In this study, we confirm that immunocompromised patients tend to present at diagnosis with more advanced septic conditions; this occurs in both patients treated with medical therapy and those undergoing surgery. Most of the data in the literature comes from studies conducted in groups of transplant recipients or patients undergoing chronic corticosteroid therapy [23, 24, 31]. Patients with immune deficiency developing an episode of acute diverticulitis are likely to be unable to generate an adequate immune response to the infection. This results in a delayed diagnosis, with consequent progression and worsening of the disease. In this study, immunocompromised patients treated with medical therapy had a higher percentage of uncomplicated acute diverticulitis. This could be related to the fact that immunocompromised patients with the complicated disease are more likely to be treated with surgery. Several studies have confirmed that uncomplicated disease detected on CT scan can be successfully treated with antibiotic therapy, even in immunocompromised subjects, without the need for emergency surgery [23, 24, 28]. The efficacy of medical management of diverticular disease basically depends on three factors: severity of diverticulitis, state of patient’s immunocompromise, and adequate use of antibiotics. In the literature, a 20% failure rate of medical therapy for in-hospital patients has been reported [47], which is consistent with our results (60/289, 20.7%). We are unable to establish if the degree of immunocompromise influences the success of conservative therapy, but clearly this must be taken into account before initiating medical management.
Immunocompromised patients treated surgically showed a greater tendency to develop more diffuse peritonitis. This reflected in a higher prevalence of Hinchey grades III and IV and higher MPI values. Biondo et al., in 2012, reported higher rates of peritonitis in immunodepressed patients who underwent surgery [28]. Another study analyzed the postoperative outcomes of solid organ transplant patients who developed an episode of acute diverticulitis—more than half of the subjects developed generalized peritonitis [34]. Consequently, a Hartmann’s procedure is the predominant operative treatment in this group, performed in 65.2% of patients with severe immunocompromise and 44.8% of patients who are mildly to moderately immunocompromised.
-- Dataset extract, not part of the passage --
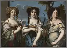 Details of the painting Three Nieces of Cardinal Mazarin: Marie (left), Olympia (center), and Hortense (right), c. 1660s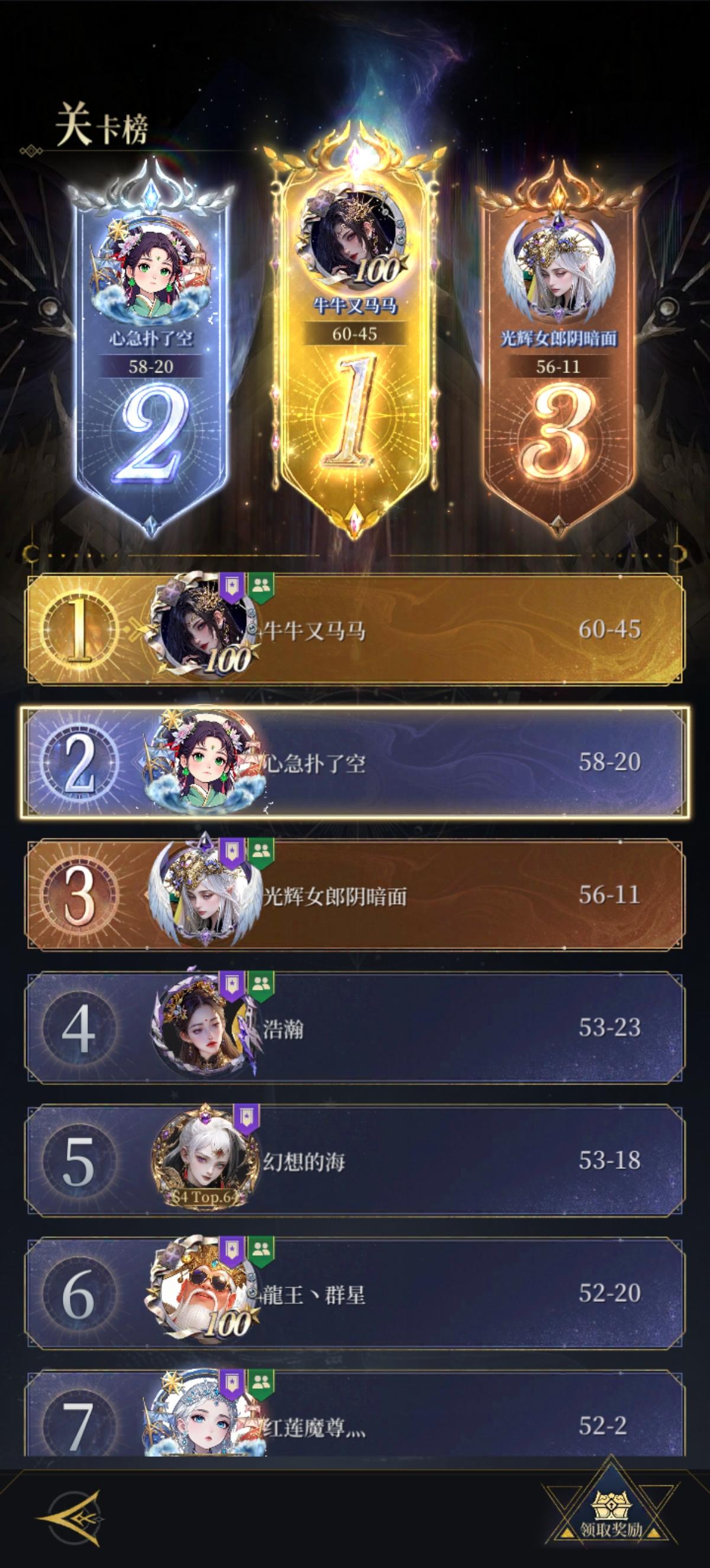 有人质疑,你是不是刷了,你是不是很肝,你是不是在人少区吃了资源。我刷没刷目前也只有8个神5,金色图腾才2个三级,钻石少的可怜。而且我在苹果3区,所有的排名活动都捞不到好名次,高阶角斗场进不了前8。宙斯哪吒也借不到,唯一借了大佬一次哪吒过500层,半天没还,大佬私我让我还,我没看到,结果把我好友删了,从那以后我都不借宙斯和哪吒了。所以通关57章真没想象中的难。搭配好过图很快的,下面言归正传。我只以

Others confirm the procedure mostly performed in immunocompromised subjects is a Hartmann’s procedure [28, 35, 48,49,50,51]. In contrast, resection with primary anastomosis (RPA) with or without protecting stoma was mainly (82.8%) performed in the group of immunocompetent patients, again consistent with data reported in the literature [30, 48, 52, 53].
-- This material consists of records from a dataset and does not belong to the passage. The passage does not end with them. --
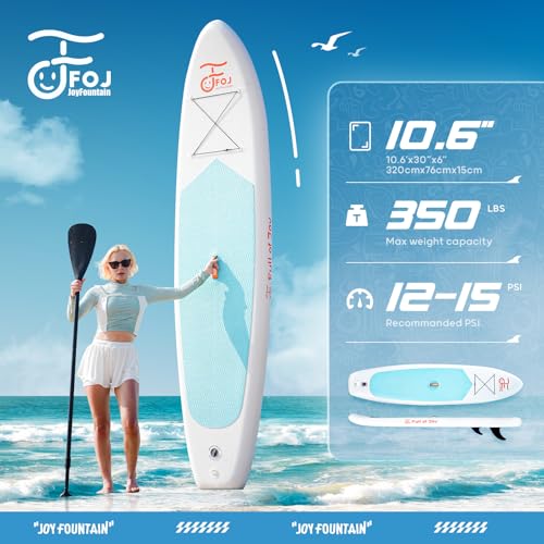 MORE YOUTHFUL DESIGN: This inflatable paddle is 10.6 feet long and 30 inches wide,( 10.8 feet long and 33 inches wide ),Two size you can choose .allowing you to get better stability and balance when standing. The colors of macaron blue and white can give this paddle more vitality, making you more outstanding in the crowd.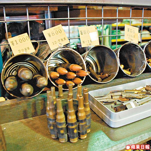 二樓主要賣軍褸、帽、背囊、子彈等裝備。來自美國卡羅來納州的Veronica跟哥哥就拿着不同的防備帽、盔甲等又試又戴,簡直像玩化裝舞會,當那裏是遊樂場。「我爸媽都是來美軍基地工作的,這些東西我都沒試過,甚至沒看過,很有趣呢!」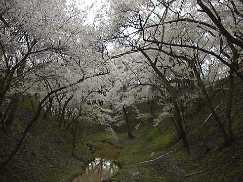 空堀の内側に向かって桜がたたみかけるように咲いている。

Despite the adoption of a more aggressive surgical approach in patients with a compromised immune response, postoperative complications and in-hospital mortality in this population remained high. Patients undergoing a Hartmann’s procedure in our series suffered a higher rate of major complications (Clavien–Dindo grade 3 +); Complications were higher in subjects with severe (70%) and mild-to-moderate (67.7%) immunocompromise than in immunocompetent patients (22.2%). A similar comparison by Biondo et al., indicated a Hartmann’s procedure was performed in 79.2% of immunocompromised patients and only in 23.8% of immunocompetent patients; the high postoperative mortality (28.1%) observed in subjects undergoing a Hartmann’s procedure was attributed by the authors to patient selection rather than to the surgical technique itself [44]. Our observed in-hospital mortality rates are also consistent with the literature, with values of 19.2% in patients with severe immunodeficiency, 10.1% in patients who are mildly to moderately immunocompromised, and 1% in the immunocompetent patients. Studies report wide variability in the postoperative mortality rates of immunocompromised patients, with values ranging from 5% to 30% [22, 23, 26]. Hwang et al. reported postoperative mortality rate of 23% in transplant recipients or in patients on chronic corticosteroid therapy with acute diverticulitis [23]. In contrast, the postoperative mortality rate of acute diverticulitis in the general population ranges from 4.3 to 5.7% [33, 35].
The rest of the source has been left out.